- [DATASET EXTRACT]
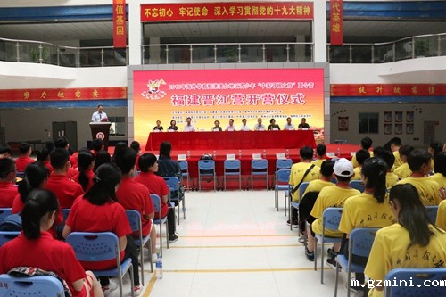 黄文福部长、郭宏图主任共同为本次夏令营授旗,施文诞会长、庄丽华会长以及营员代表上台接旗。随后,黄文福部长宣布夏令营开营。紧接着,《闽南木偶趣》、《我唱大风歌》、《晋江人的诉说》、《晋江美食来相邀》、《我的中国心》、《让爱传出去》等文艺演出随之上演。当天,全体夏令营营员们还与结对子同学完成了巧解手绳、坐地起身、彩绘T恤等活动。
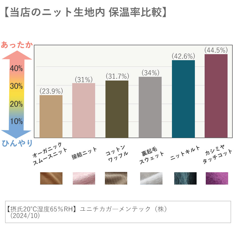 生地の保温率だけを比較すると、カシミヤタッチコットがニット生地の中で、一番数値が高くなりました。
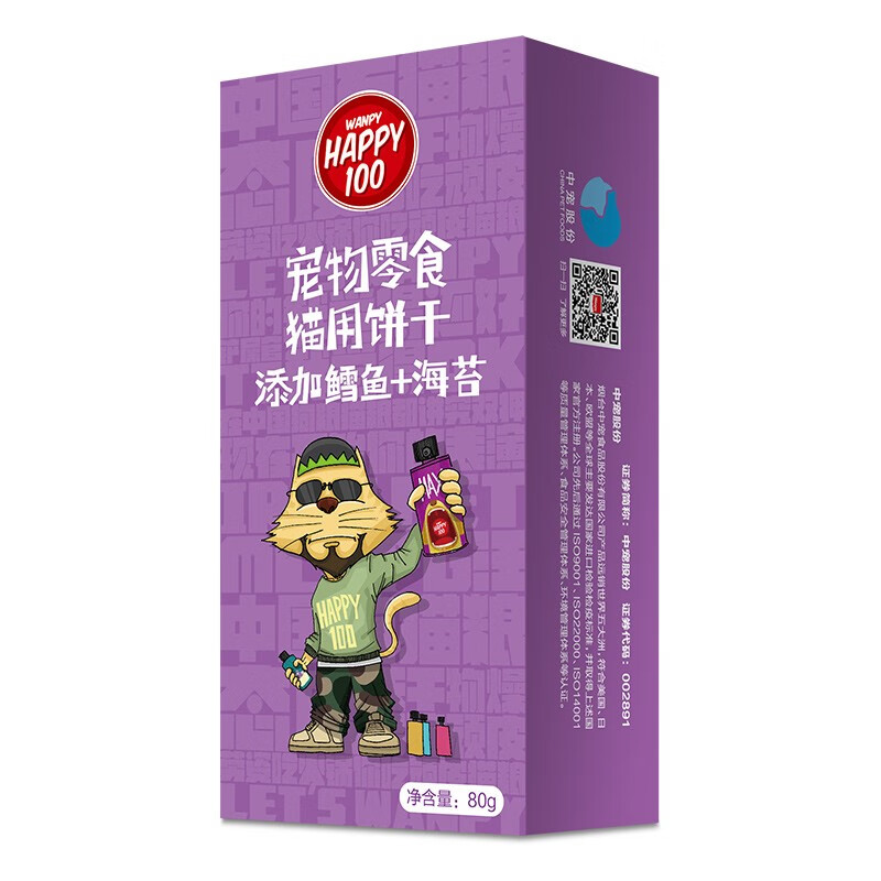 顽皮(Wanpy)猫饼干猫零食小鱼干饼干猫薄荷成猫幼猫零食多重口味80g/盒 鳕鱼 海苔80g/盒
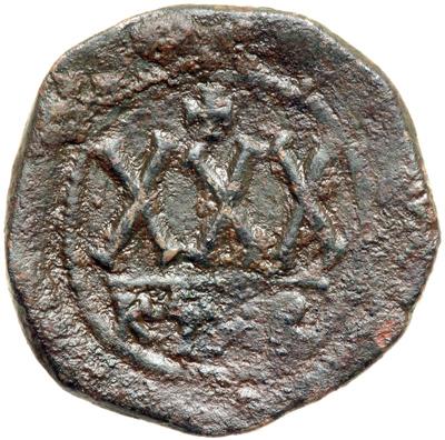 Byzantine Empire. Tiberius II Constantine, 578-582. three-quarter follis or 30 nummi (12.83g), Cyzicus, 2nd officina. 578/9. Crowned bust facing. Rev. Large XXX, KYZ B in ex. DOC 37b; MIB 42; Sear 445. Fine and rare with brown patina.

- [WHAT IS NEEDED] Repeat the exact lines from the first line of the data through the line containing "顽皮(Wanpy)猫饼干猫零食小鱼干饼干猫薄荷成猫幼猫零食多重口味80g/盒 鳕鱼 海苔80g/盒". Nothing else, no pictures.

- [ANSWER SPACE]
 黄文福部长、郭宏图主任共同为本次夏令营授旗,施文诞会长、庄丽华会长以及营员代表上台接旗。随后,黄文福部长宣布夏令营开营。紧接着,《闽南木偶趣》、《我唱大风歌》、《晋江人的诉说》、《晋江美食来相邀》、《我的中国心》、《让爱传出去》等文艺演出随之上演。当天,全体夏令营营员们还与结对子同学完成了巧解手绳、坐地起身、彩绘T恤等活动。
 生地の保温率だけを比較すると、カシミヤタッチコットがニット生地の中で、一番数値が高くなりました。
 顽皮(Wanpy)猫饼干猫零食小鱼干饼干猫薄荷成猫幼猫零食多重口味80g/盒 鳕鱼 海苔80g/盒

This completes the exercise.